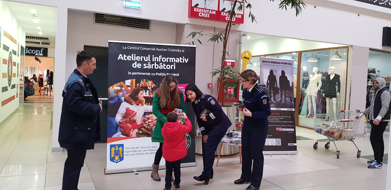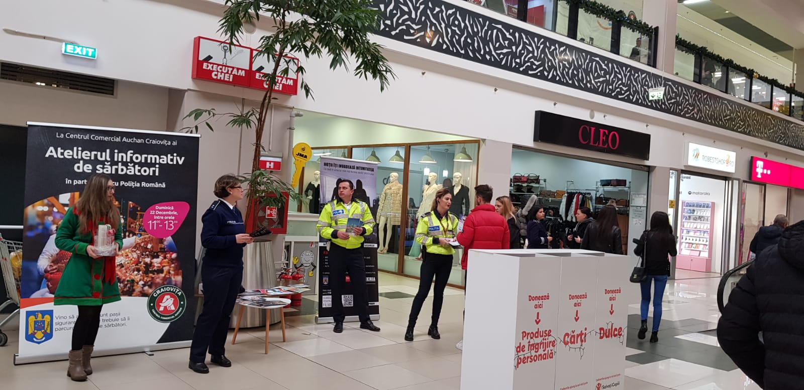 Poliţiştii Compartimentului de Analiză şi Prevenire a Criminalităţii Dolj, împreună cu cei ai Biroului Rutier Craiova şi cei ai Secţiei 1 Poliţie Craiova s-au aflat astăzi, 22 decembrie, într-un important centru comercial din Craiova.
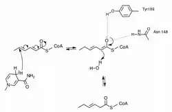 - ^ Fillgrove KL, Anderson VE (October 2001). "The mechanism of dienoyl-CoA reduction by 2,4-dienoyl-CoA reductase is stepwise: observation of a dienolate intermediate". Biochemistry. 40 (41): 12412–12421. doi:10.1021/bi0111606. PMID 11591162.
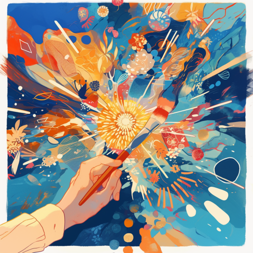 a girl in colorful abstract painting, in the style of yuumei, close-up intensity, neo-pop iconography, shilin huang, dark blue and light black, colorful comic strips, swirling colors --ar 69:128 --s 750 --v 5.2
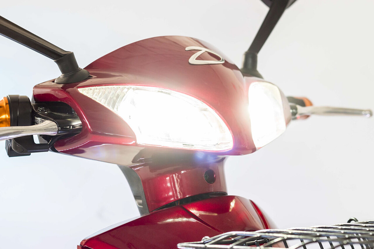 El scooter viene equipado de serie con una gran caja de carga trasera y una canasta de carga delantera.
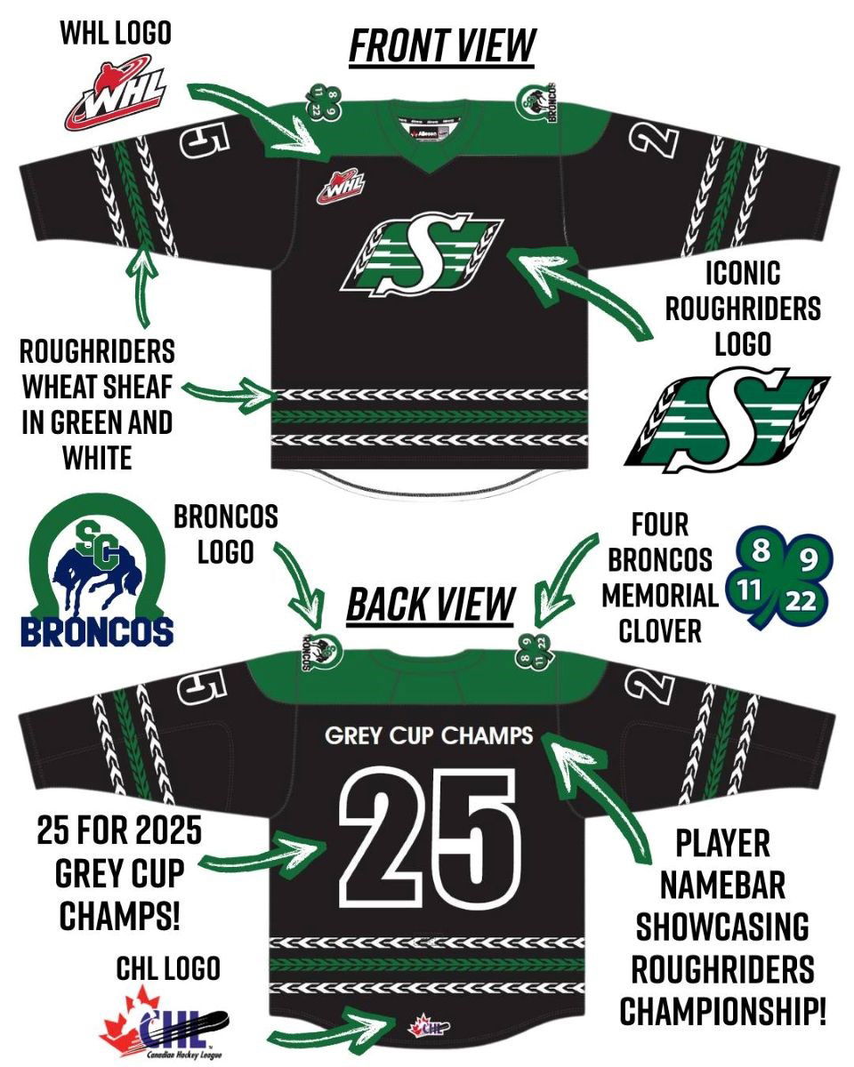 The Swift Current Broncos will be wearing new duds when they face the Moose Jaw Warriors on Friday night, paying tribute to the Saskatchewan Roughriders’ 2025 Grey Cup victory.
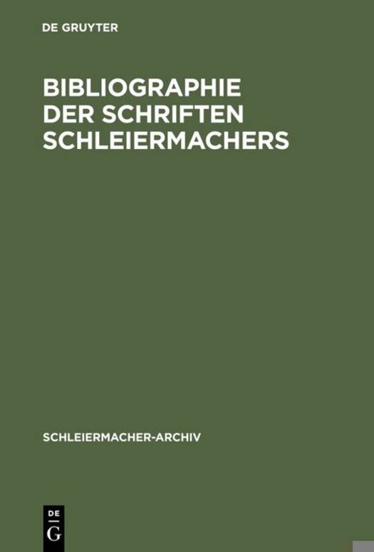 Bibliographie Der Schriften Schleiermachers

Activity =>
Pictures are not part of the copy. Output only the lines from the one with "a girl in colorful" through the final line of the records, exactly as given.

The completed task =>
 a girl in colorful abstract painting, in the style of yuumei, close-up intensity, neo-pop iconography, shilin huang, dark blue and light black, colorful comic strips, swirling colors --ar 69:128 --s 750 --v 5.2
 El scooter viene equipado de serie con una gran caja de carga trasera y una canasta de carga delantera.
 The Swift Current Broncos will be wearing new duds when they face the Moose Jaw Warriors on Friday night, paying tribute to the Saskatchewan Roughriders’ 2025 Grey Cup victory.
 Bibliographie Der Schriften Schleiermachers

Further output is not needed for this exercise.